Sofia faced severe beatings and cruel punishments because she was a strong Black woman who was expected to live a submissive life – dominated by whites and by men. The character loses her dignity and strength throughout the story and is eventually forced to work in prison without getting paid.
Unfortunately, Scott’s comparison of his situation – forced to change clothes at an awards show – to Sofia’s story, is misguided.
While fans of the Internet celebrity are aware of his over-the-top analogies and exaggerated dialogue, comparisons between the Civil Rights Movement and the fight for gay civil rights have always been controversial.
Although it is true that members of the LGBTQ community often face discrimination, their struggle for equality is certainly not one that can remotely be compared to the danger Blacks faced before and during the early 1960s.
They have never faced lynching, high-powered water hoses or attacks by police dogs, just to name a few examples.
Not to mention the overwhelming support that generally exists for members of the LGBTQ community when they are targets of discrimination.
More often than not, there is backlash against those who discriminate against gay people, whereas white people who showed any support for African-Americans were sometimes punished.
Out.com has even featured a list of the 50 most powerful gay Americans – such a list of Blacks, during the civil rights era, could not have existed.

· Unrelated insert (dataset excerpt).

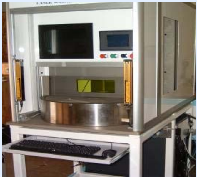
Laser with Integrated Touch Screen & Operator Safety Light Curtain

Not only because there would have been widespread backlash, but because there wouldn’t have been a single powerful Black person’s name to put on the list.
There was a system in place, which has effects still present today, that ensured that even though Blacks were free they would most certainly never be powerful.
Every group’s civil rights are important.
The countless number of hate crimes against the LGBTQ community is a heartbreaking reality, however; the struggles of those who are fighting for the right to marry and those who were mercilessly beaten for drinking from the wrong water fountain are incomparable.